So, we want to bring this discussion into the twenty-first century… Because, I’ve seen that, a woman who is overly concerned with her beauty and whether she has a man in her life; will also be a woman who might get involved in “Missionary dating”… And this is where a Christian woman might allow herself to get romantically involved with an unbeliever, or with a marginal Christian man; often attributing the need for this, to the scarcity of available, quality, Christian men... But a Christan woman might also "Missionary date", with the perceived intention of using her beauty and availability as a form of bait, to bring about the salvation, or spiritual enrichment of a prospective boyfriend and husband… And I believe that Ruth knew those kinds of relationships were nothing but a time-wasting trap; and I hope you are wise enough to avoid those things as well…

Because girlfriend; I hope you know, that meeting a man in a club somewhere and bringing him to your church or to your singles group; and expecting this man to get saved and to walk with God, and then; to be your boyfriend and your husband; is a very tall order, indeed… And, I hope you know that missionary dating doesn't work... And, I also hope you know it’s just not your job as a Christian, to use your singleness as a salvation tool for the opposite sex... And I truly hope you're aware; that it's dangerous to believe you can fulfill your ministry and your romantic aspirations at the same time… Because, giving your heart to unbelievers and marginal Christians is defined in the Bible as being "Unequally yoked", and those relationships and marriages will rarely be very fulfilling for you. And difficult relationships will very simply waste your life... Now girl, I know this might be hard truth for you to hear; but I also hope you know it's right...

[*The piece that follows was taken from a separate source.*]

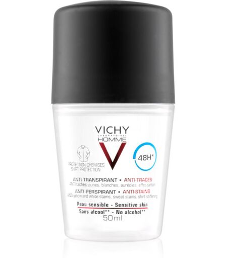 Vichy Homme Deodorant, 50 ml, Antiperspirantit Miehille, Antiperspirantti Vichy Homme imee hikeä optimaalisesti ja neutralisoi hajua. Tuote antaa sinulle joka päivä raikkaan ja puhtaan tunteen.  Ominaisuudet:  suojaa tehokkaasti hikoilulta suojaa epämiellyttävältä hajulta ei jätä tahroja vaatteisiin  Ainesosat:  alkoholiton  Käyttöohjeet: Levitä kainaloihin puhtaalle ja kuivalle iholle. ...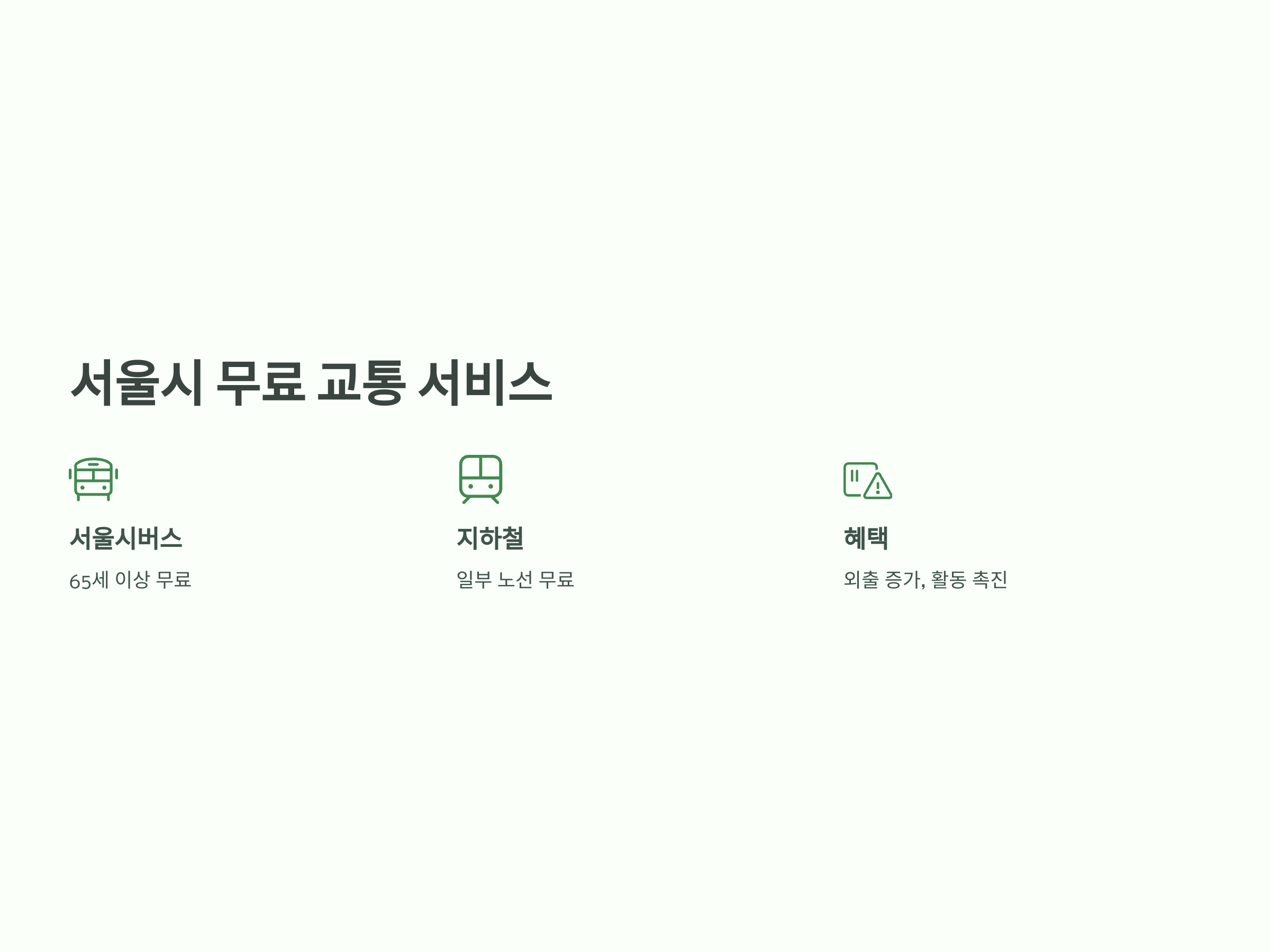 서울시 내에서 무료로 제공되는 교통 서비스는 시민들이 더 많은 외출을 하도록 유도하며, 외부 활동을 활발히 할 수 있게 돕습니다. 이를 통해 노인들이 건강하게 사회 활동에 참여할 수 있도록 하는 긍정적인 효과를 보고 있습니다.

And I also hope you know, you won't be able to permanently change a man, with your romantic influence over him... Because, if a man isn't the person he needs to be when you meet him; chances are, he'll never really be that person in your lifetime... And ladies, I simply want to affirm to you that; if you have been frustrated with your lack of success in finding Mr. Wonderful... Please don’t lower your standards to make room for Mr. Not-Ready-Yet; or Mr. Never-Will-Be-Ready-At-All… And, if you are in a relationship with one of these individuals, I hope you will have the courage to extricate yourself from it very quickly…

See ladies, if you meet an unbeliever, and you fall for him; and you begin to pray for him… I want you to know, that even if God answers your prayer and this person gets saved… You will still, at this point, be in a relationship with a baby Christian… And, a baby Christian is not the respectable leader you are really looking for… A baby Christian will probably blow out of his faith a few times; and he will probably have to go through several long seasons of very slow growth, and a few long periods of very dumb ideas; before he gets rooted and grounded in the Word; if, in fact, he ever does… And, that might sound a little harsh; but just remember; you and I have needed to simmer at very low boil, for a very long time, to mature and to become tender and workable in the hands of the Lord… So, you would really do better, not to circumvent that process in someone's life; just so you can have that person next to you, as a baby Christian...

Girlfriend please; leave unbelieving and marginal men alone… They are simply not your mission field; and they will entangle your heart every time you get involved with them... See, you only have one life to live for Christ; and ladies, you will only have real ministry to other women... And that's because women are able to touch hearts with other women in ministry relationships; but women don't touch hearts with men very well, at least not without a lot of complications... So, I want to say again; ladies, if you meet a man who isn't ready; that simply means he's not the man for you; so please let him go... And girlfriend, the sooner you let that man go; the easier it will be on your heart...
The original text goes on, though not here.